The core result is that LLMs generate text with less semantic and cognitive-emotional change across years than human authors do, even when fed prior history, and simple drift-plus-variance features from those trajectories separate the two at 94% accuracy and 98% ROC-AUC. They also release a 12-year, 412-author, three-domain corpus that looks like a practical resource for anyone tracking style evolution. That combination of new data and a clean stateless-versus-history-conditioned comparison is the useful part. The flattening holds across academic, blog, and news text, which gives the claim some breadth. The authors treat the gap as a property of current training and inference setups rather than a fixable prompt issue, and the numbers line up internally. What is actually new is the longitudinal scale plus the predictive use of the variability signatures themselves. Prior work on style consistency or repetition mostly looked at short windows or single domains; this one tracks real multi-year human trajectories and shows the LLM versions stay flatter on the same axes. The dataset release and the persistence under history conditioning are the parts that could be cited or reused. The soft spot is the metric layer. The separation depends on semantic, lexical, and cognitive-emotional representations whose drift definitions are not fully spelled out in the abstract, and the stress-test concern about embedding or domain-sampling artifacts is reasonable. If the chosen embeddings already cluster LLM outputs differently because of training-data distribution rather than because trajectories are flatter, the classifier could succeed without the claimed temporal mechanism being the driver. Domain balance across the 412 authors and any post-hoc threshold choices on the drift metrics would need explicit checks. The lexical-diversity increase alongside reduced semantic drift is interesting but could be an artifact of how the three representations were chosen. This is worth a serious referee for groups building synthetic longitudinal data or studying long-context modeling. The dataset alone makes it refereeable even if the metric validation needs tightening. I would bring it to a reading group to see the full methods and ablations, but I would not cite the accuracy number until the artifact checks are in place.

Referee Report

2 major / 2 minor

Summary. The manuscript constructs and releases a longitudinal dataset of 412 human authors and 6,086 documents (2012-2024) across academic abstracts, blogs, and news. It generates matching trajectories from three LLMs under independent and history-conditioned settings, then applies drift and variance-based metrics over semantic, lexical, and cognitive-emotional representations. The central finding is temporal flattening in LLM output: greater lexical diversity but substantially reduced semantic and cognitive-emotional drift relative to humans. These patterns alone yield 94% accuracy and 98% ROC-AUC in distinguishing human from LLM trajectories, persisting across generation conditions.

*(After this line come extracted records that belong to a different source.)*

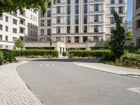 A view of Berlin's modern architecture and vibrant city life. The clear sky highlights the architectural beauty of the residential and high-rise buildings. Cobblestone roads and green vegetation add to the charm of this urban European city.
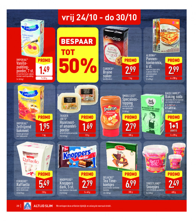 Deze tekst wordt automatisch gegenereerd, dus deze kan fouten bevatten.vrij 24/10 - do 30/10 ae rd Fi a = Candic re BESPAAR 4 Ke ÈS er NADE me ann ne TT LES Pannen- koekenmix, Vanille- N TC TG ETS Kant-en-klare mix, poeder, 7 st. Bruine 29 EEEN 299 PARENT instant vanilepudding suiker ETC] pannenkoeken TS) LE NTIC IM 2370) PT BACK FAMILY® SMOELTJES® Less ee” On a Baking soda TE) to Speculoos- van Koelges en cake x LE HAUTES 29072 st CT mbaltjes, Ze ACTES ETS LEUR Lun TI] TRADER | ES ie 3 | Hazelnoot- à > LATTES of amandel- = { Ô an 1 95 169 DEE 1+1 ELU) verschillende varianten LE GRATIS Ee tig m 54 mg PET LOT or — LR me ICE [LE ON 4 Raffaello op ses : + 4 mur 5 LUS TT _TeaTime- Raffaello El Knoppers koekjes 69 SWEETLAND® ks 249 CAE wafel gevuld met met donkere chocolade jark, 5 st. 27 Koekges FETES verschillende varianten Snoe ) [23 2 QT CRT mg 12279) IM RUE we; = LT) Fu ALTIJD SLIM We verkopen deze artikelen tijdelijk en zolang de voorraad strekt. Al
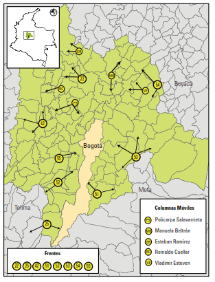 Este es un proceso de expansión sobre Bogotá que correspondió al plan de urbanizar el conflicto que las FARC definieron en su Séptima Conferencia en 1982 y que detallaron estratégicamente en su Octava Conferencia de 1985 (Vélez 2001, 163). Desde comienzos de la década de los noventa se puso en marcha este plan que consistió en posicionar frentes guerrilleros en Cundinamarca, la formación de las milicias urbanas bolivarianas en lugares como Bosa, Ciudad Bolívar, Soacha, Patio Bonito y Suba, así como la realización de ataques en los municipios del área metropolitana de Bogotá (Vélez 2001, 166). Sin embargo, en el contexto de las fracasadas conversaciones de paz durante la presidencia de Andrés Pastrana (1998–2002), las farcliteralmente capitalizaron su proyecto de expansión territorial, posicionándose sobre zonas metropolitanas de las principales ciudades, entre estas, la zona metropolitana de Bogotá (figura 2)20

Significance. If the separation is robust to representation choices and domain controls, the work supplies quantitative evidence that current stateless or short-context LLM deployment paradigms cannot reproduce the longitudinal evolution characteristic of human writing. This has direct consequences for synthetic training data, author-style modeling, and longitudinal NLP tasks. The public dataset release is a clear strength that supports reproducibility and follow-on work.

major comments (2)

[Methods] Methods section: The drift and variance metrics are applied to three representation families, yet no ablation is reported on alternative embeddings or on explicit domain-balance controls across the 412-author corpus. If the reduced semantic/cognitive drift is partly an artifact of how the chosen embeddings encode LLM outputs (rather than genuine flattening), the 94% classification accuracy would not establish the claimed temporal property. This is load-bearing for the headline result.
[Results] Results section (classification experiments): The abstract states that temporal variability patterns achieve 94% accuracy and 98% ROC-AUC, but it is unclear whether the drift/variance thresholds were pre-specified before seeing the data or tuned afterward. If the latter, the separation may be inflated; explicit reporting of pre-registration or nested cross-validation is required to confirm the metric is not post-hoc.

minor comments (2)

[Abstract] Abstract: The claim of persistence 'regardless of whether LLMs generate independently or with access to incremental history' should be accompanied by a brief quantitative statement of the accuracy drop (or lack thereof) under the history-conditioned condition.
[Dataset Construction] Dataset description: Provide a table or paragraph confirming the number of documents per domain and per author to allow readers to assess balance.

Simulated Author's Rebuttal

2 responses · 0 unresolved

We thank the referee for the constructive and detailed review, as well as for recognizing the potential significance of the temporal flattening findings and the value of the released dataset. We address each major comment below and will revise the manuscript accordingly to strengthen the claims.

read point-by-point responses

Referee: [Methods] Methods section: The drift and variance metrics are applied to three representation families, yet no ablation is reported on alternative embeddings or on explicit domain-balance controls across the 412-author corpus. If the reduced semantic/cognitive drift is partly an artifact of how the chosen embeddings encode LLM outputs (rather than genuine flattening), the 94% classification accuracy would not establish the claimed temporal property. This is load-bearing for the headline result.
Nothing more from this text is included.